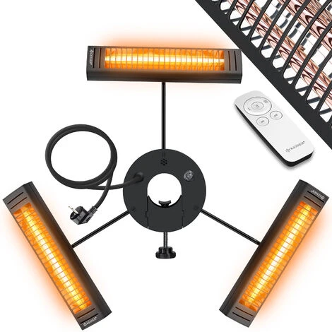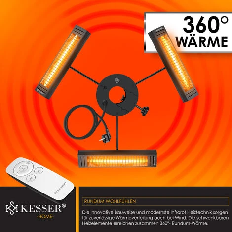 KESSER Chauffage radiant parasol 3000 W, 3 radiateurs infrarouges contrôlables individuellement par télécommande, protection IP65 et bras orientables avec un rayon de 120 – 360°
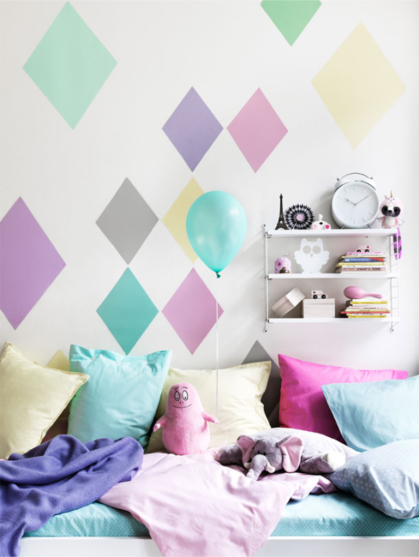 Les murs où plusieurs couleurs sont combinées sont magnifiques, dans ce cas, les concepteurs ont recours à un dessin géométrique de la surface.
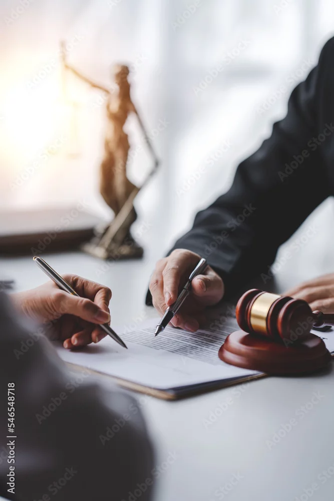 concept of justice and law A male judge in the courtroom on a wooden table and a male counselor or lawyer working in the office. Law, advice and justice concepts.
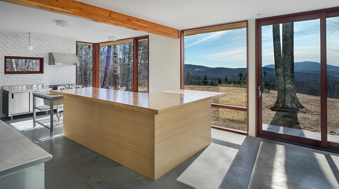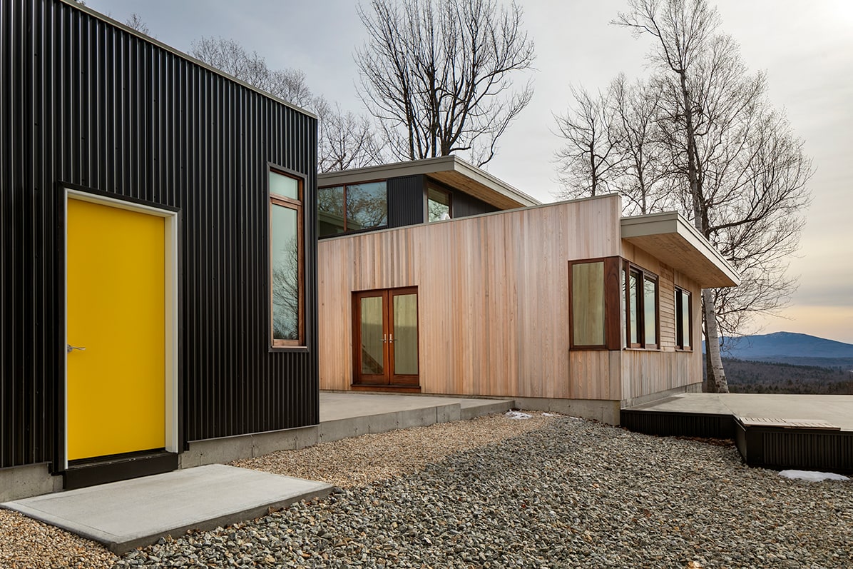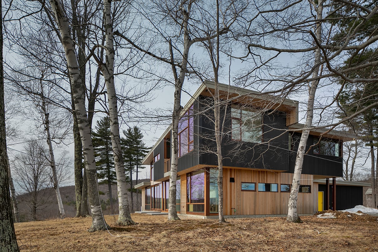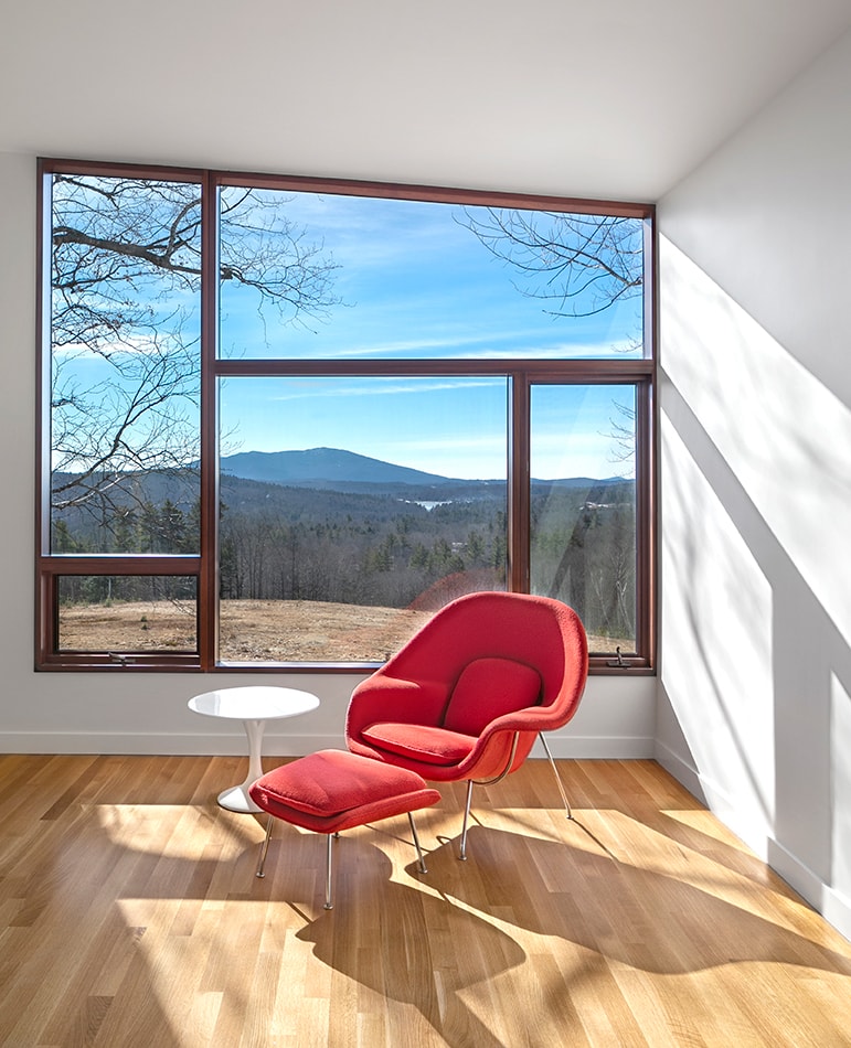 Monadnock Retreat is a striking NextHouse nestled amongst the mountains of New Hampshire. It features an expansive open floor plan and floor-to-ceiling walls of glass to capture the views. This home has three bedrooms and two-and-a-half baths, including a master bath with an open-air shower and balcony.
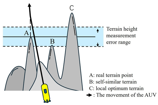However, TAN methods based on optimization algorithms often struggle to achieve stable navigation performance under the influence of the terrains with similar height. These terrains with similar height are categorized into similar terrain and local optimum terrain. Specifically, the height of similar terrains exhibits the same or higher measurement correlation compared to the actual terrain. This renders such terrain impossible to distinguish using any correlation-based methods. As illustrated in Figure 2, when terrain height measurements fall at the lower bound of the error margin, point B matches the measurements better than the true terrain position. Local optimum terrain shows a slightly inferior correlation with measurements compared to the actual terrain. If the algorithm fails to explore the true terrain, this suboptimal solution may be selected, thereby disrupting the navigation process.
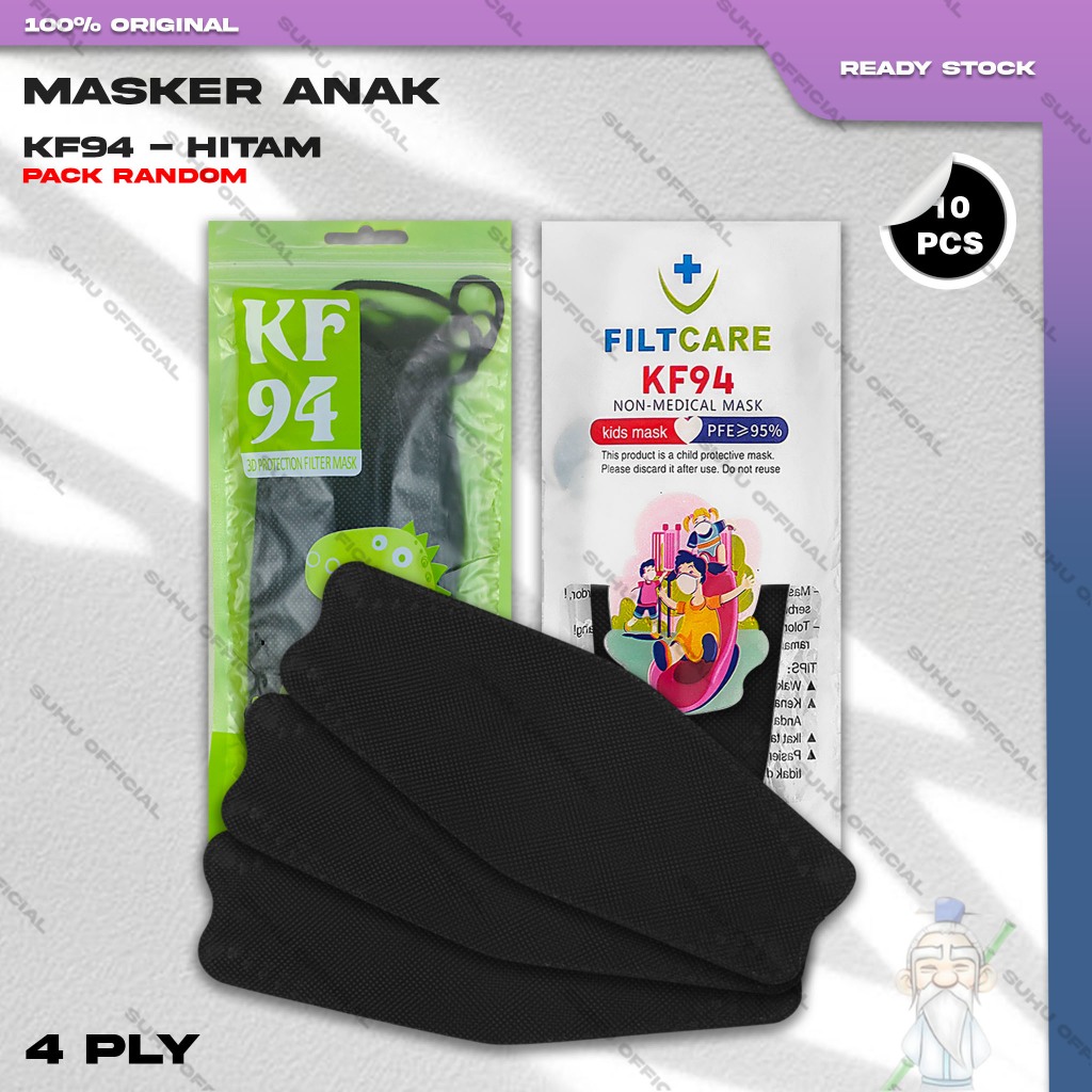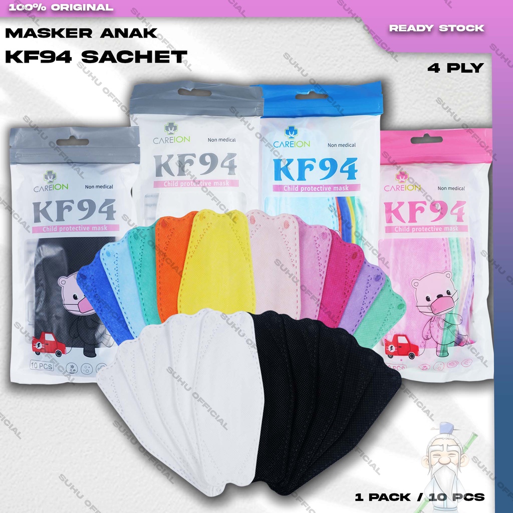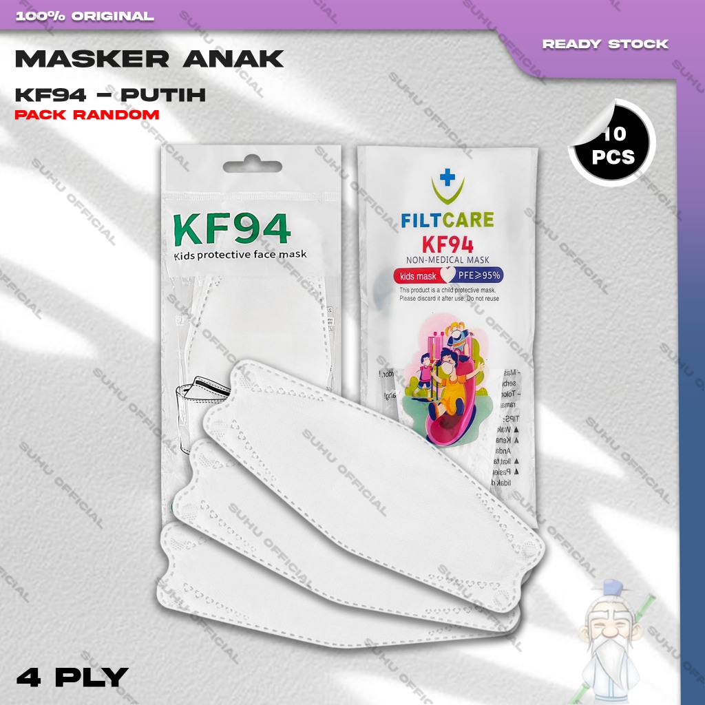 Masker Anak KF94 Sachet 4Ply isi 10Pcs Putih Hitam Abu Warna KF 94 4 Ply Earloop Kemenkes
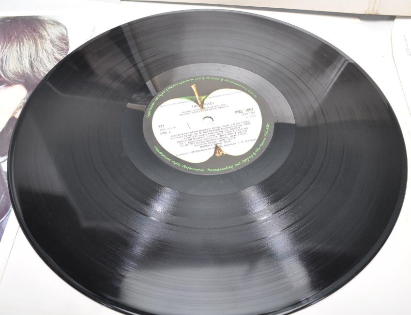 A vinyl long play LP record album by The Beatles – White Album ( Sleeve Number 0396894 )– Original E.M.I Apple label 1st U.K. Press – PMC 7067 Stereo –  Vinyl condition VG. Gatefold sleeve condition VG. Top opening sleeve having original lyric poster and four photos.
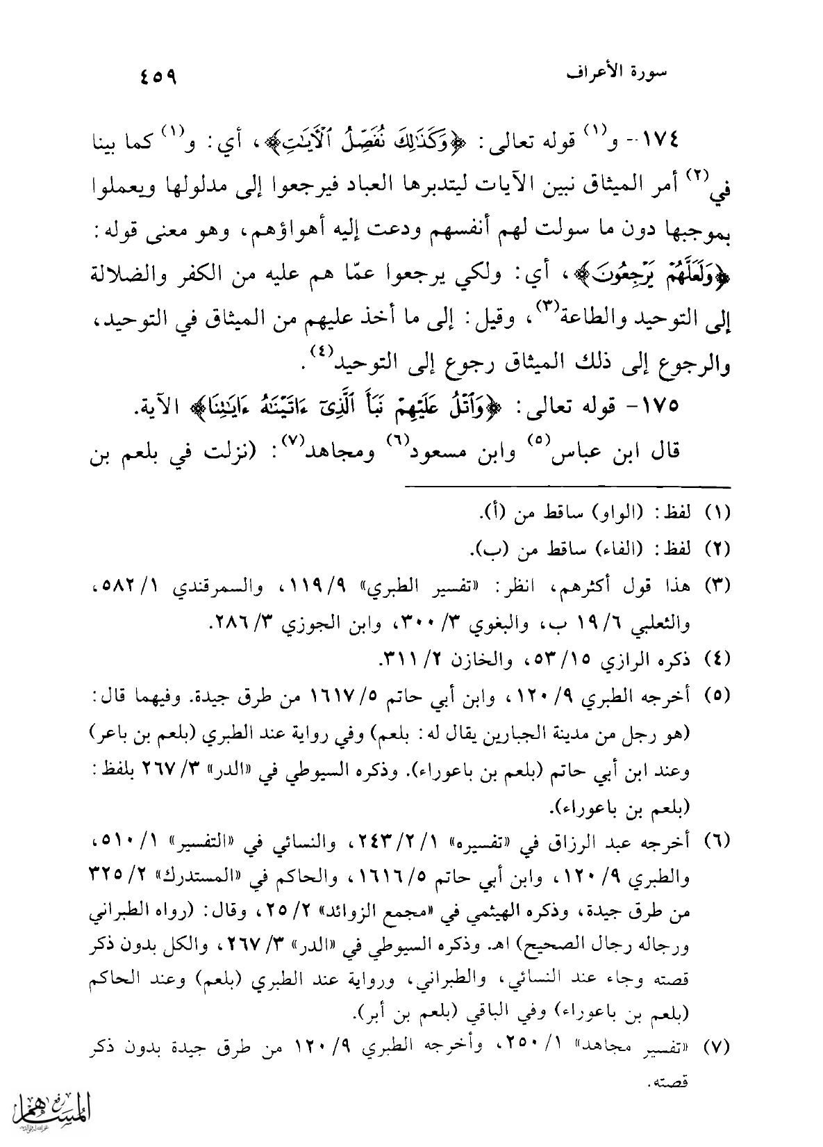 (6) أخرجه عبد الرزاق في "تفسيره" 1/ 2/243، والنسائي في "التفسير" 1/ 510، والطبري 9/ 120، وابن أبي حاتم 5/ 1616، والحاكم في "المستدرك" 2/ 325 من طرق جيدة، وذكره الهيثمي في "مجمع الزوائد" 2/ 25، وقال: (رواه الطبراني ورجاله رجال الصحيح) اهـ. وذكره السيوطي في "الدر" 3/ 267، والكل بدون ذكر قصته وجاء عند النسائي، والطبراني، ورواية عند الطبري (بلعم) وعند الحاكم (بلعم بن باعوراء) وفي الباقي (بلعم بن أبر).
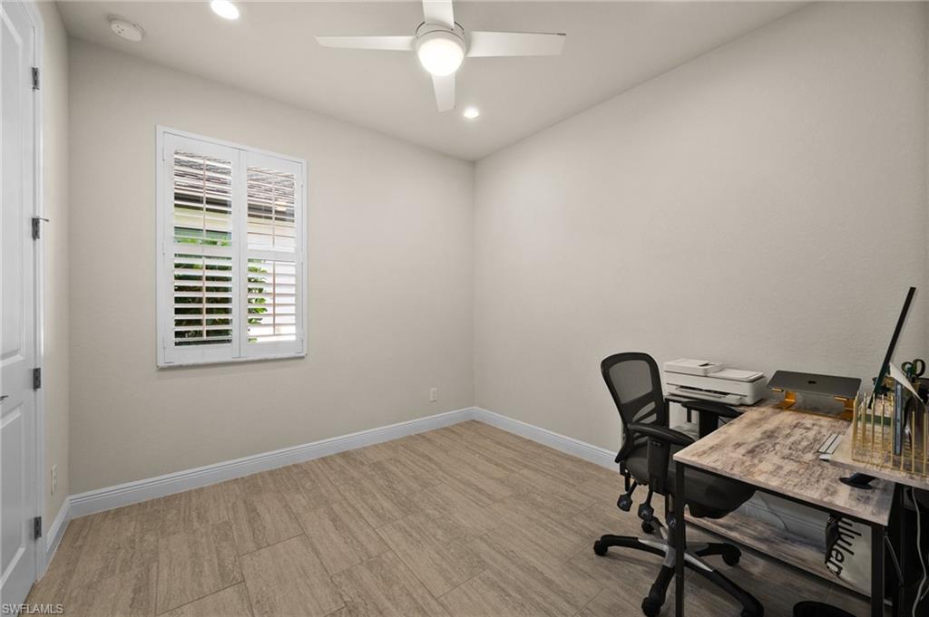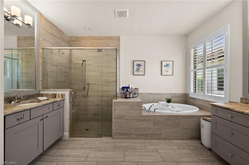 Welcome to this exceptional Toll Brothers residence in Palazzo at Naples, a boutique gated community offering luxury living in one of North Naples most sought-after locations. Built in 2018, this beautifully upgraded home features 3 bedrooms, a spacious den, and 2.5 bathrooms, all thoughtfully designed to deliver modern comfort, style, and functionality. Showcasing quality craftsmanship throughout, the home includes rich wood-look tile flooring, custom ceilings and lighting, and an open-concept layout ideal for both everyday living and entertaining. The gourmet kitchen is a true showpiece, complete with sleek cabinetry, stainless steel appliances, a natural gas cooktop, and an oversized quartz waterfall island, perfect for hosting gatherings or enjoying quiet evenings at home. The luxurious primary suite offers a serene retreat with a freestanding soaking tub, a massive walk-through shower, elegant tile finishes, and two large custom walk-in closets for ample storage. Step outside to your own private backyard oasis featuring a sparkling pool and spa, surrounded by lush landscaping, ideal for year-round relaxation and entertaining. Additional highlights include hurricane-impact doors and windows, storm smart electrionic shutters on the lanai, a custom-designed laundry room, natural gas access, an oversized two-car garage, no CDD fees, and low HOA dues. Enjoy peace of mind with a whole-home Generac generator, Storm-Smart Electronic shutters on the lanai, and the added benefit of being located outside of a flood zone. Residents have the option to join nearby Quail Creek for additional lifestyle amenities. And with a convenient location just off Immokalee Road and I-75, you're only 6 miles to the Gulf’s white-sand beaches, 20 minutes to RSW International Airport, and close to top-rated schools, championship golf, upscale dining, shopping, and more. This is a rare opportunity to own a beautifully upgraded home in a prime North Naples location.

YOUR OBJECTIVE: Could you please return each line of the material exactly, dropping the pictures?

RESULT OF THIS EXERCISE:
 KESSER Chauffage radiant parasol 3000 W, 3 radiateurs infrarouges contrôlables individuellement par télécommande, protection IP65 et bras orientables avec un rayon de 120 – 360°
 Les murs où plusieurs couleurs sont combinées sont magnifiques, dans ce cas, les concepteurs ont recours à un dessin géométrique de la surface.
 concept of justice and law A male judge in the courtroom on a wooden table and a male counselor or lawyer working in the office. Law, advice and justice concepts.
 Monadnock Retreat is a striking NextHouse nestled amongst the mountains of New Hampshire. It features an expansive open floor plan and floor-to-ceiling walls of glass to capture the views. This home has three bedrooms and two-and-a-half baths, including a master bath with an open-air shower and balcony.
However, TAN methods based on optimization algorithms often struggle to achieve stable navigation performance under the influence of the terrains with similar height. These terrains with similar height are categorized into similar terrain and local optimum terrain. Specifically, the height of similar terrains exhibits the same or higher measurement correlation compared to the actual terrain. This renders such terrain impossible to distinguish using any correlation-based methods. As illustrated in Figure 2, when terrain height measurements fall at the lower bound of the error margin, point B matches the measurements better than the true terrain position. Local optimum terrain shows a slightly inferior correlation with measurements compared to the actual terrain. If the algorithm fails to explore the true terrain, this suboptimal solution may be selected, thereby disrupting the navigation process.
 Masker Anak KF94 Sachet 4Ply isi 10Pcs Putih Hitam Abu Warna KF 94 4 Ply Earloop Kemenkes
 A vinyl long play LP record album by The Beatles – White Album ( Sleeve Number 0396894 )– Original E.M.I Apple label 1st U.K. Press – PMC 7067 Stereo –  Vinyl condition VG. Gatefold sleeve condition VG. Top opening sleeve having original lyric poster and four photos.
 (6) أخرجه عبد الرزاق في "تفسيره" 1/ 2/243، والنسائي في "التفسير" 1/ 510، والطبري 9/ 120، وابن أبي حاتم 5/ 1616، والحاكم في "المستدرك" 2/ 325 من طرق جيدة، وذكره الهيثمي في "مجمع الزوائد" 2/ 25، وقال: (رواه الطبراني ورجاله رجال الصحيح) اهـ. وذكره السيوطي في "الدر" 3/ 267، والكل بدون ذكر قصته وجاء عند النسائي، والطبراني، ورواية عند الطبري (بلعم) وعند الحاكم (بلعم بن باعوراء) وفي الباقي (بلعم بن أبر).
 Welcome to this exceptional Toll Brothers residence in Palazzo at Naples, a boutique gated community offering luxury living in one of North Naples most sought-after locations. Built in 2018, this beautifully upgraded home features 3 bedrooms, a spacious den, and 2.5 bathrooms, all thoughtfully designed to deliver modern comfort, style, and functionality. Showcasing quality craftsmanship throughout, the home includes rich wood-look tile flooring, custom ceilings and lighting, and an open-concept layout ideal for both everyday living and entertaining. The gourmet kitchen is a true showpiece, complete with sleek cabinetry, stainless steel appliances, a natural gas cooktop, and an oversized quartz waterfall island, perfect for hosting gatherings or enjoying quiet evenings at home. The luxurious primary suite offers a serene retreat with a freestanding soaking tub, a massive walk-through shower, elegant tile finishes, and two large custom walk-in closets for ample storage. Step outside to your own private backyard oasis featuring a sparkling pool and spa, surrounded by lush landscaping, ideal for year-round relaxation and entertaining. Additional highlights include hurricane-impact doors and windows, storm smart electrionic shutters on the lanai, a custom-designed laundry room, natural gas access, an oversized two-car garage, no CDD fees, and low HOA dues. Enjoy peace of mind with a whole-home Generac generator, Storm-Smart Electronic shutters on the lanai, and the added benefit of being located outside of a flood zone. Residents have the option to join nearby Quail Creek for additional lifestyle amenities. And with a convenient location just off Immokalee Road and I-75, you're only 6 miles to the Gulf’s white-sand beaches, 20 minutes to RSW International Airport, and close to top-rated schools, championship golf, upscale dining, shopping, and more. This is a rare opportunity to own a beautifully upgraded home in a prime North Naples location.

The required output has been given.